## The problem:
Please write out every line of the listing without alteration, but omit the images.

● ● ● ●

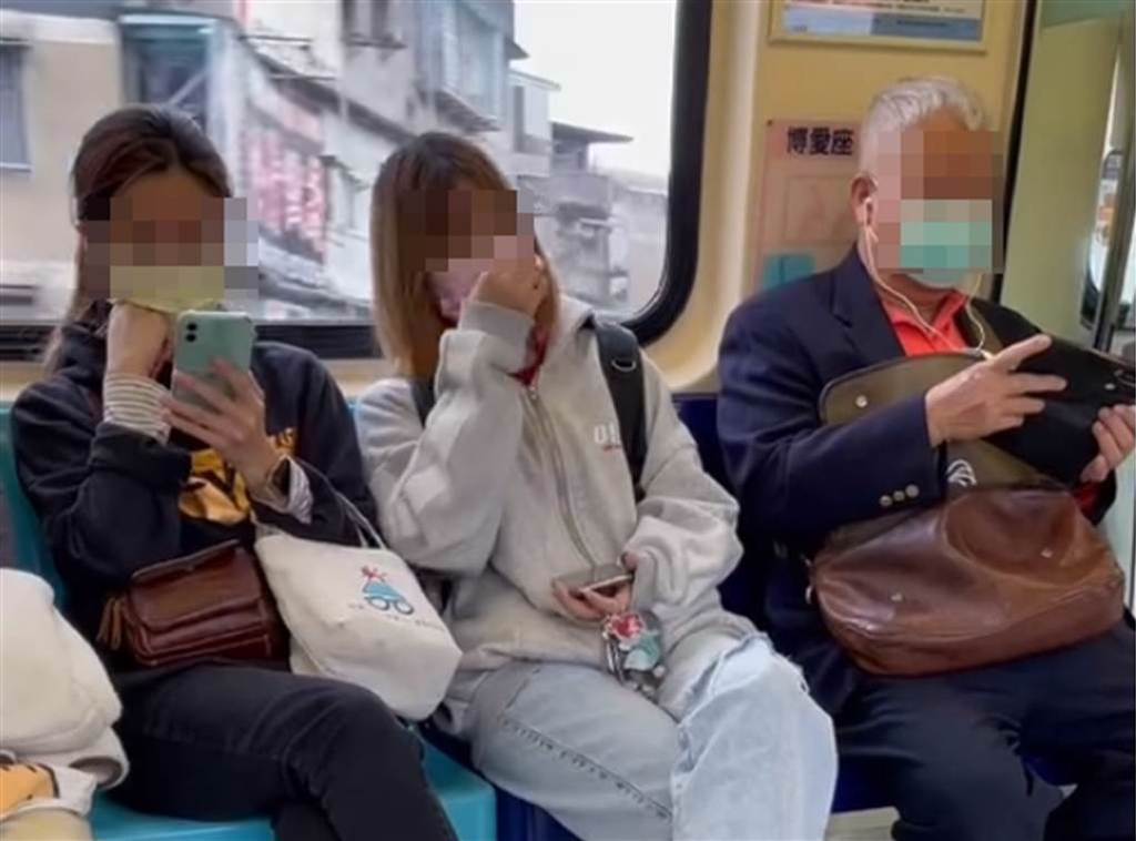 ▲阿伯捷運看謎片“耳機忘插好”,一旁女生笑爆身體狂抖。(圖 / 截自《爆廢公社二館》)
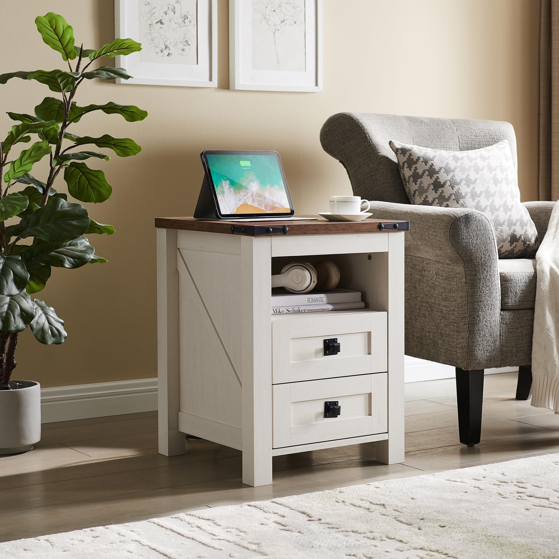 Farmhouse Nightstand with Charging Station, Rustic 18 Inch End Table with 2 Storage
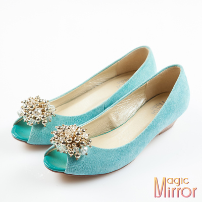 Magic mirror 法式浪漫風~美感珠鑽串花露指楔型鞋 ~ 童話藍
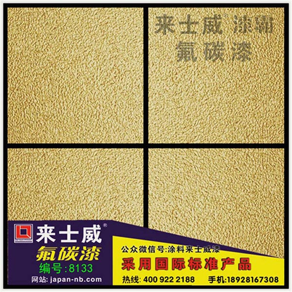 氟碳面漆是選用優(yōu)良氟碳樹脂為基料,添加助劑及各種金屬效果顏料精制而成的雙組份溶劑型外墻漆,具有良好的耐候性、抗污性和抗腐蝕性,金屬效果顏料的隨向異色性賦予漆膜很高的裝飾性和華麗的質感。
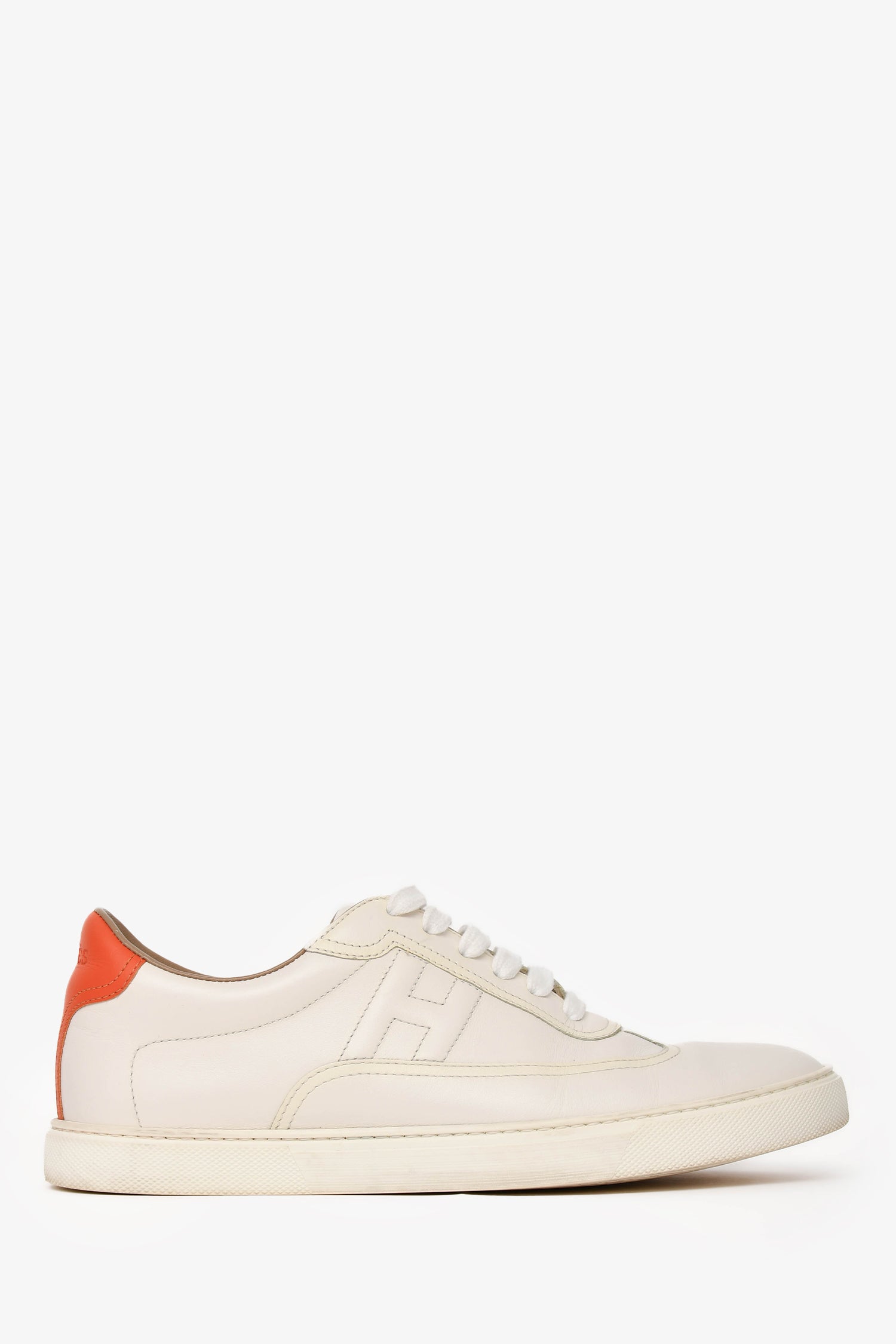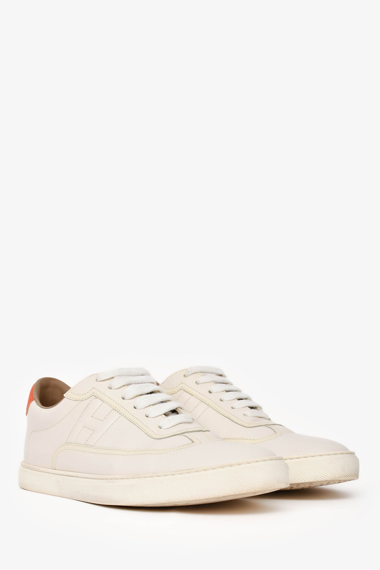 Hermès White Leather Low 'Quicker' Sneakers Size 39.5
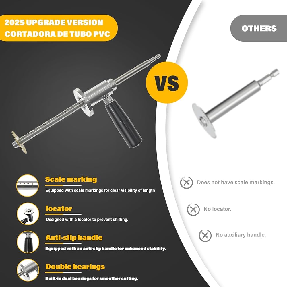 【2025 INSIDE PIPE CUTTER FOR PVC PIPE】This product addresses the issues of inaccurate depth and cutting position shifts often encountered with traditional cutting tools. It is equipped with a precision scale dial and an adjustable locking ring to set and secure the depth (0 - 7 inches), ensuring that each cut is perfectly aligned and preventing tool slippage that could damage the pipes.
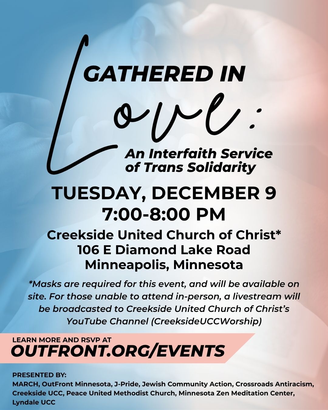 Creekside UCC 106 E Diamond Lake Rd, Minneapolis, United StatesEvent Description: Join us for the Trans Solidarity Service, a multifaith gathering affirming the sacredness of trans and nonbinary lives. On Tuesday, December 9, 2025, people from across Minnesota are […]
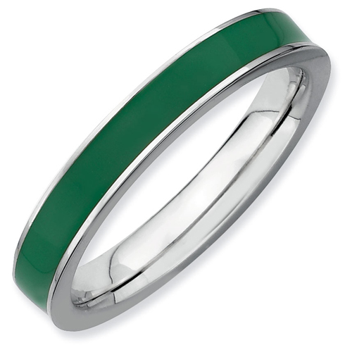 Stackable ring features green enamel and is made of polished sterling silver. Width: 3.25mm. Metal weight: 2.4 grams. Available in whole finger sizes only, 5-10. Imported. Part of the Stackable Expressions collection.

● ● ● ●

## Exercise response:
 ▲阿伯捷運看謎片“耳機忘插好”,一旁女生笑爆身體狂抖。(圖 / 截自《爆廢公社二館》)
 Farmhouse Nightstand with Charging Station, Rustic 18 Inch End Table with 2 Storage
 Magic mirror 法式浪漫風~美感珠鑽串花露指楔型鞋 ~ 童話藍
 氟碳面漆是選用優(yōu)良氟碳樹脂為基料,添加助劑及各種金屬效果顏料精制而成的雙組份溶劑型外墻漆,具有良好的耐候性、抗污性和抗腐蝕性,金屬效果顏料的隨向異色性賦予漆膜很高的裝飾性和華麗的質感。
 Hermès White Leather Low 'Quicker' Sneakers Size 39.5
 【2025 INSIDE PIPE CUTTER FOR PVC PIPE】This product addresses the issues of inaccurate depth and cutting position shifts often encountered with traditional cutting tools. It is equipped with a precision scale dial and an adjustable locking ring to set and secure the depth (0 - 7 inches), ensuring that each cut is perfectly aligned and preventing tool slippage that could damage the pipes.
 Creekside UCC 106 E Diamond Lake Rd, Minneapolis, United StatesEvent Description: Join us for the Trans Solidarity Service, a multifaith gathering affirming the sacredness of trans and nonbinary lives. On Tuesday, December 9, 2025, people from across Minnesota are […]
 Stackable ring features green enamel and is made of polished sterling silver. Width: 3.25mm. Metal weight: 2.4 grams. Available in whole finger sizes only, 5-10. Imported. Part of the Stackable Expressions collection.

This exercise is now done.